Tutto si tiene. Una scuola, a tutti i gradi, che persegue l’obbiettivo di addomesticare il giovane al mercato, ossessionata dalla peregrina idea dello “sbocco occupazionale”, sarà necessariamente il trionfo dell’ordinamento burocratico, del controllismo formale. L’oppressione burocratica schiaccia l’autonomia didattica, omologa al basso, rende vacua chiacchiera ogni selezione meritocratica. L’insegnante ha sempre meno tempo per leggere, studiare, continuare a formarsi; produzione di riunioni per mezzo di riunioni, redazione di piani e progetti, rendiconti continui non sulle proprie conoscenze, ma sull’osservanza di procedure e metodi soffocano il suo spirito di iniziativa. Come ha bene spiegato Ivano Dionigi nel suo libro “Magister” ormai la scuola non la fanno i maestri, ma i ministri. 

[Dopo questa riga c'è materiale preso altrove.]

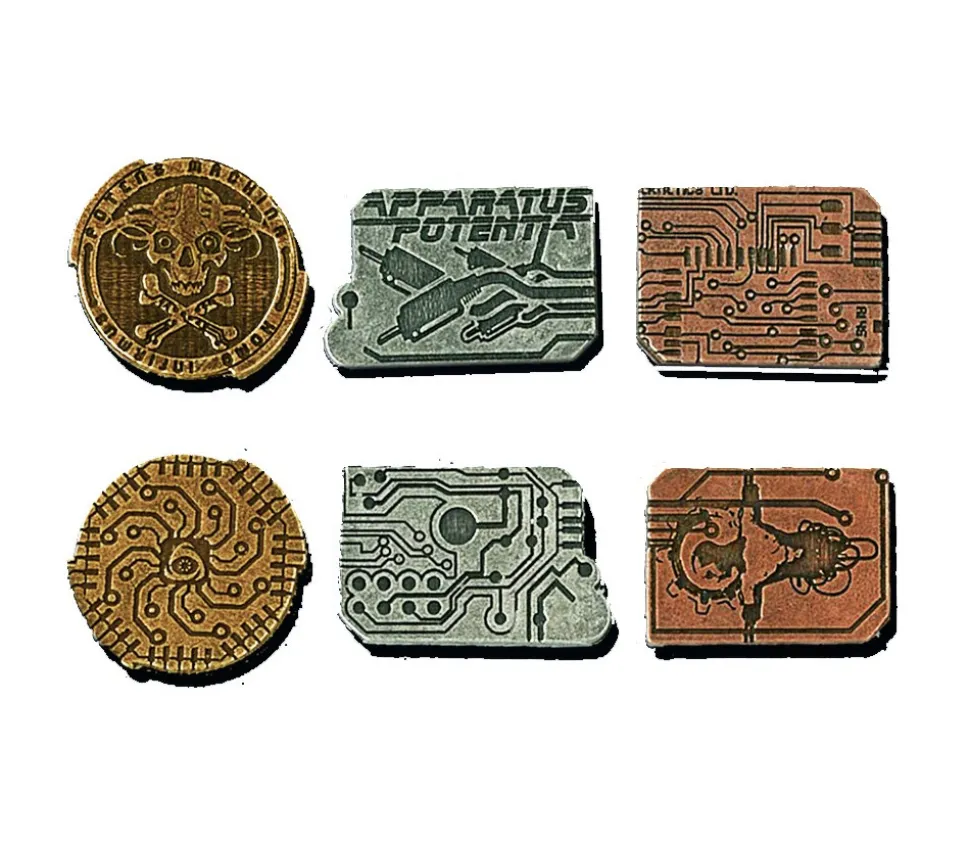 20 Pièces en métal pour jeu avec des motifs Cyberpunk. Gravées des 2 côtés. 3 Pièces différentes avec des gravures des 2 côtés.
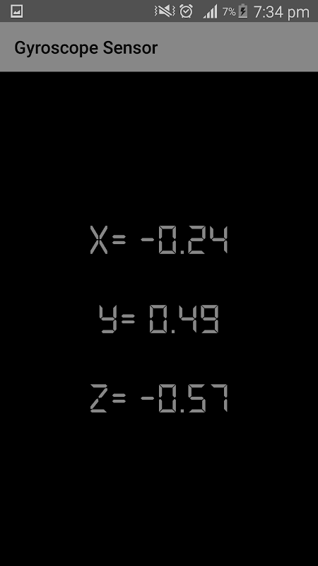 This app is designed to test gyroscope sensor's data of your android device. Its a hardware test to check all axes values of your phone's gyroscope sensor. Just download and install Gyroscope Sensor Tester to do that for free.

È il sistema dell’universale sorveglianza. Tutto si svolge sotto il timore della punizione. Non hai seguito la regola, non hai riempito con diligenza i moduli prescritti, la controversia legale, magari fino al Tar, sta in agguato. Per essere tranquilli, obbedisci ai comandamenti ministeriali, per quanto stupidi possano essere e anche se ciò ostacola fino a impedirla la tua volontà di crescita intellettuale, di cambiare, di innovare dove le cose non ti sembra funzionino. Bada anzitutto al “successo formativo”, che si misura sulla percentuale degli studenti che finiscono il corso negli anni previsti. “Successo formativo” significa perciò non avere “bocciati”, non avere “fuori corso”. Il “sindacato Famiglia” vigila che così sia. La meritocrazia può attendere, anche perché quale meritocrazia potrebbe esserci in un regime che non ha alcuna politica per un reale diritto allo studio?. 

L’astratto metodologismo imperante determina anche i piani di studio. La competenza disciplinare lascia il posto a indigeribili melting pot specie nelle materie cosidette umanistiche, infarinature di impressioni generiche su letteratura, arte, storia, invece di letture dirette, poche ma solide, conoscenze specifiche, limitate ma reali, fondate. Il “politicamente corretto” completerà l’opera di metamorfosi della conoscenza disciplinare in chiacchiera universalistica. 

Così non si educa il giovane e così lo Stato abdica alla sua funzione politica essenziale. Docenti e studenti debbono allearsi nel combattere questa intollerabile situazione. Solo da questa lotta può nascere anche una nuova èlite politica, una nuova classe dirigente del Paese.